ABOUT THIS TASK —
Write out every line of the material as it stands, apart from the pictures.

STORED DATA —
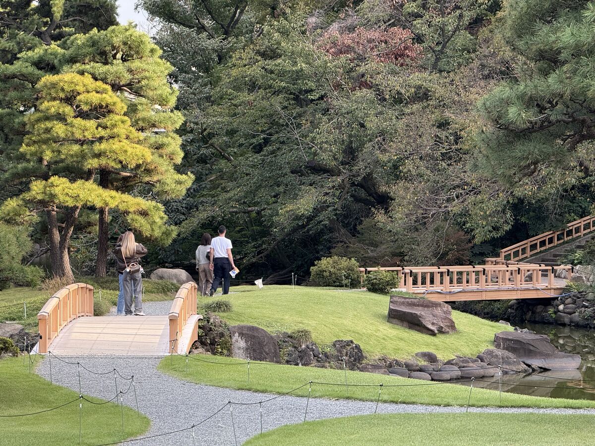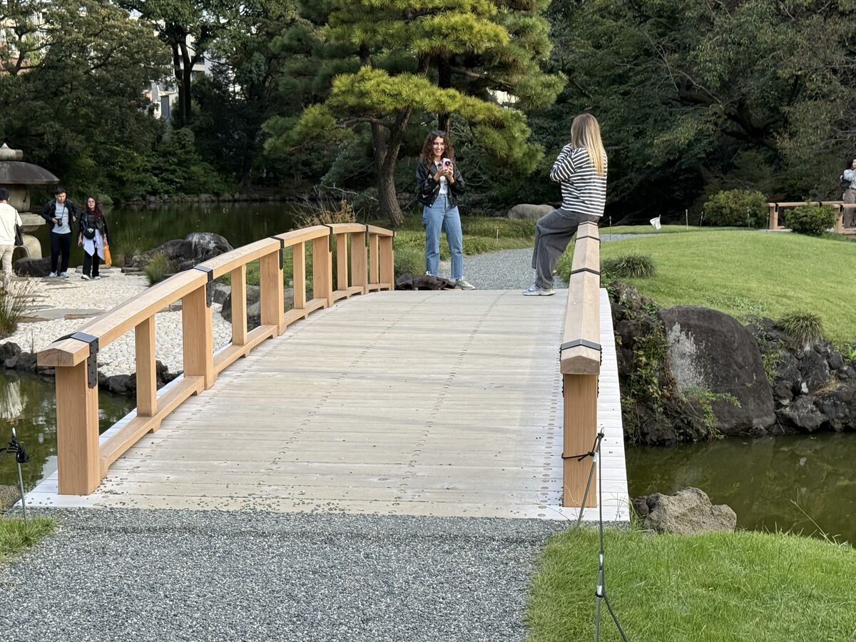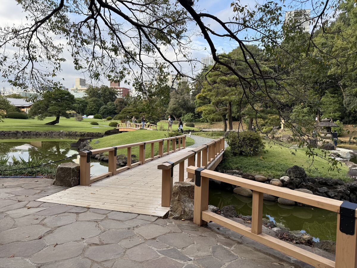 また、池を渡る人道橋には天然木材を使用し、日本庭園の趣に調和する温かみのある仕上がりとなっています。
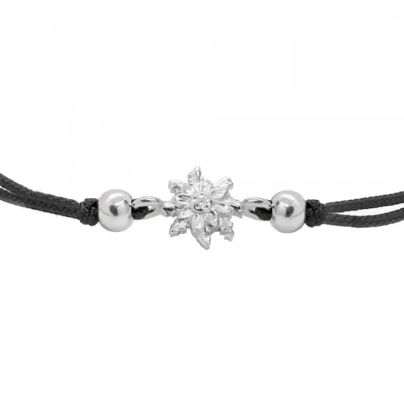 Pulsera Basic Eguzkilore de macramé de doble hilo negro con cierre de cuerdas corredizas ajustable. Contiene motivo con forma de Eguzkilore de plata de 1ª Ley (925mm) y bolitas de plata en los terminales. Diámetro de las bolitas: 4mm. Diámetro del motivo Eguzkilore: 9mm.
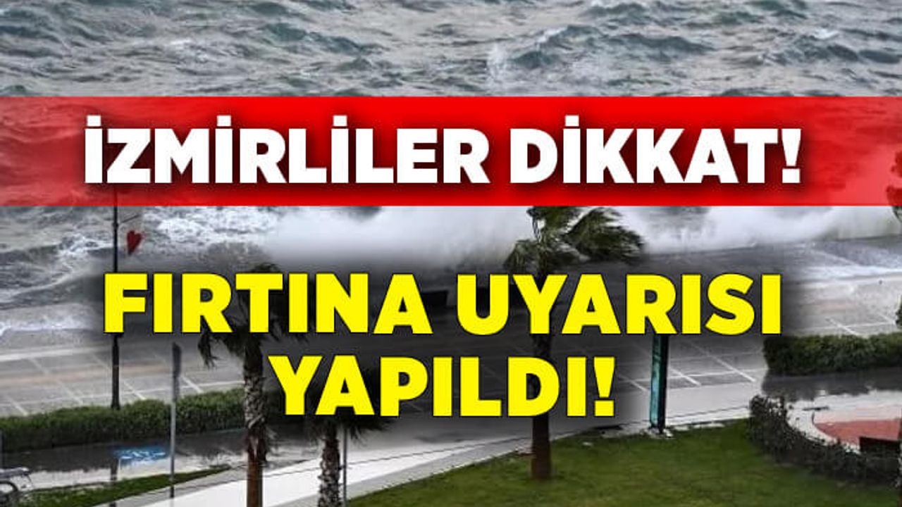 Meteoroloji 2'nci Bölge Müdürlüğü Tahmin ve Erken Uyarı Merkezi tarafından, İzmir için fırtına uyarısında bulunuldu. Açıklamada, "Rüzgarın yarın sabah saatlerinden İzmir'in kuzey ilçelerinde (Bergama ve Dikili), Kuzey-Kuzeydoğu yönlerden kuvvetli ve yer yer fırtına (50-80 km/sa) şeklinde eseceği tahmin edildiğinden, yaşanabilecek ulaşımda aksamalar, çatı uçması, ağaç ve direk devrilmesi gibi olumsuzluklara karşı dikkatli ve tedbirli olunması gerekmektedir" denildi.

EXPECTED OUTPUT —
 また、池を渡る人道橋には天然木材を使用し、日本庭園の趣に調和する温かみのある仕上がりとなっています。
 Pulsera Basic Eguzkilore de macramé de doble hilo negro con cierre de cuerdas corredizas ajustable. Contiene motivo con forma de Eguzkilore de plata de 1ª Ley (925mm) y bolitas de plata en los terminales. Diámetro de las bolitas: 4mm. Diámetro del motivo Eguzkilore: 9mm.
 Meteoroloji 2'nci Bölge Müdürlüğü Tahmin ve Erken Uyarı Merkezi tarafından, İzmir için fırtına uyarısında bulunuldu. Açıklamada, "Rüzgarın yarın sabah saatlerinden İzmir'in kuzey ilçelerinde (Bergama ve Dikili), Kuzey-Kuzeydoğu yönlerden kuvvetli ve yer yer fırtına (50-80 km/sa) şeklinde eseceği tahmin edildiğinden, yaşanabilecek ulaşımda aksamalar, çatı uçması, ağaç ve direk devrilmesi gibi olumsuzluklara karşı dikkatli ve tedbirli olunması gerekmektedir" denildi.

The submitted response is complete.